Als de kantonrechter over de zaak moet oordelen stelt deze voorop dat ook een arbeidsovereenkomst kan worden vernietigd wegens dwaling. De beschermingsfunctie van het arbeidsrecht, die aan vernietiging van de arbeidsovereenkomst in de weg kan staan, geldt volgens de kantonrechter niet als de werknemer “dwaling pleegt”. Volgens de kantonrechter had de werkneemster de werkgever moeten informeren over haar gedeeltelijke arbeidsongeschiktheid, omdat de klachten konden doorwerken in de uitoefening van de werkzaamheden en tot re-integratieverplichtingen van de werkgever konden leiden. De werkneemster had volgens de kantonrechter niet aangetoond dat zij geschikt was voor een 0,8 parttime functie. Omdat aannemelijk is dat de werkgever de werkneemster niet zou hebben aangenomen als zij de werkgever geïnformeerd zou hebben over haar gedeeltelijke arbeidsongeschiktheid, is er een causaal verband tussen de dwaling en het aangaan van de arbeidsovereenkomst. Daarom is volgens de kantonrechter de arbeidsovereenkomst rechtsgeldig vernietigd.

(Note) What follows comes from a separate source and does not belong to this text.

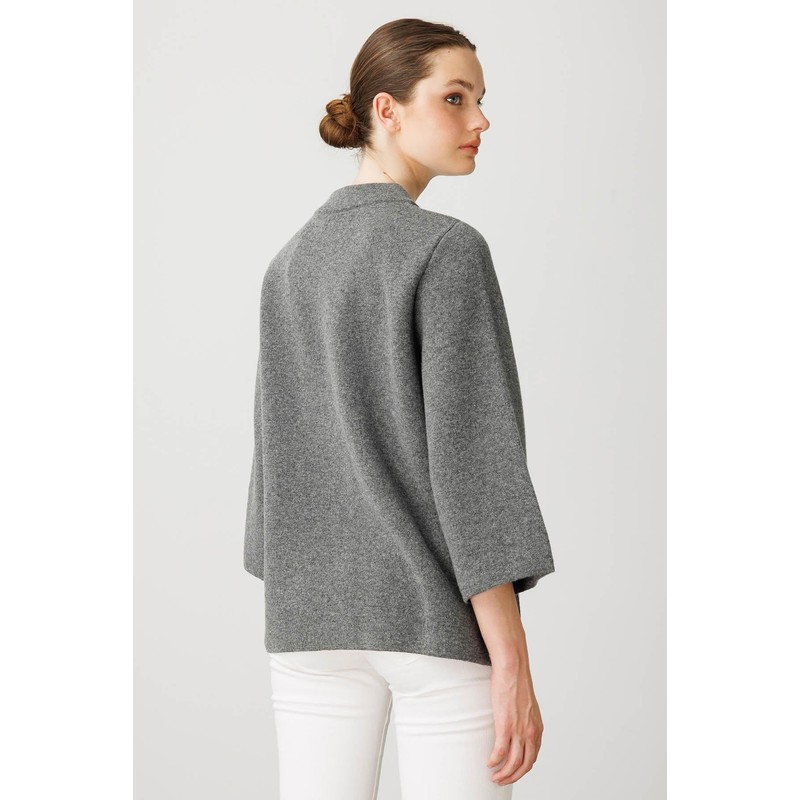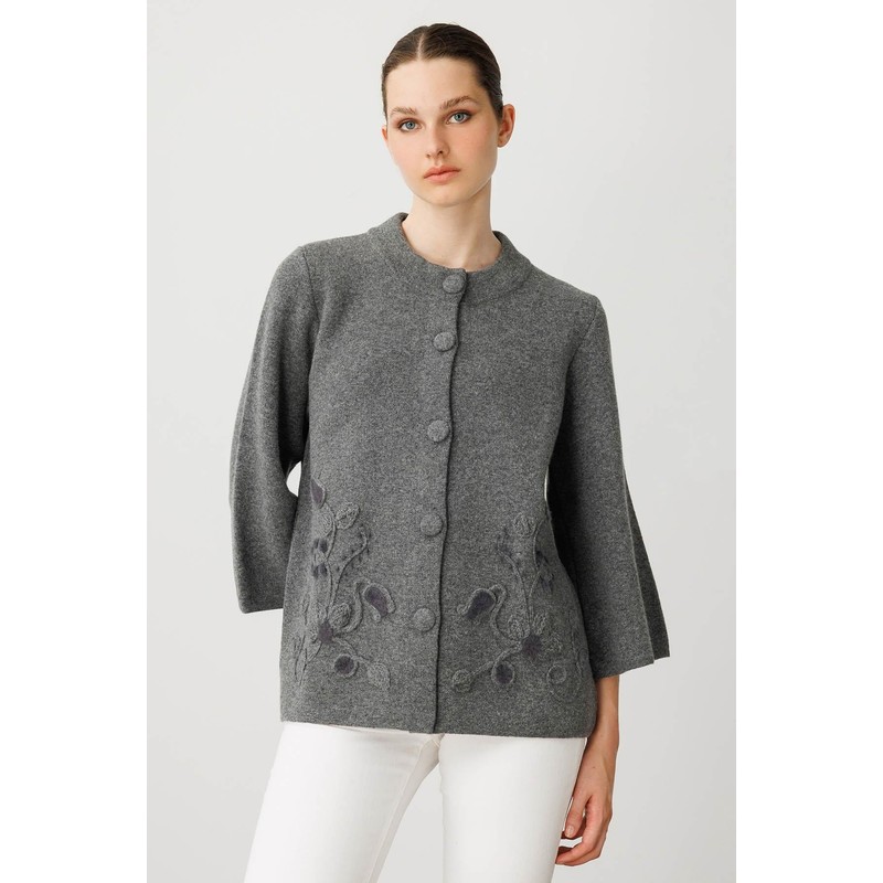 Desen Triko Dik Yaka Çiçek Desenli Kısa Kadın Yün Ceket 25015 (25015)

De vernietiging van de arbeidsovereenkomst heeft tot gevolg dat de arbeidsovereenkomst geacht wordt nooit te hebben bestaan. Dat leidt in beginsel tot een verplichting van partijen tot het ongedaan maken van de prestaties die op grond van de vernietigde arbeidsovereenkomst waren verricht. De werkneemster kan dan natuurlijk het ontvangen loon terugbetalen, maar de daartegenover staande arbeidsprestatie van de werkneemster kan niet worden teruggedraaid. De kantonrechter overweegt dat de prestaties van de werkneemster niet geheel en al ondermaats waren en dat de werkneemster zich ook nog aan het inwerken was. Omdat de werkgever van de arbeid van de werkneemster ook in bepaalde mate voordeel heeft genoten, bepaalt de kantonrechter daarom dat de werknemer het loon niet hoeft terug te betalen. De betaalde vergoeding wordt daarbij echter niet als loon gekwalificeerd, maar als vergoeding van de waarde van de prestatie van de werkneemster waardoor de werkgever is verrijkt, zoals de wet dat regelt voor de “ongedaanmakingsverbintenis”.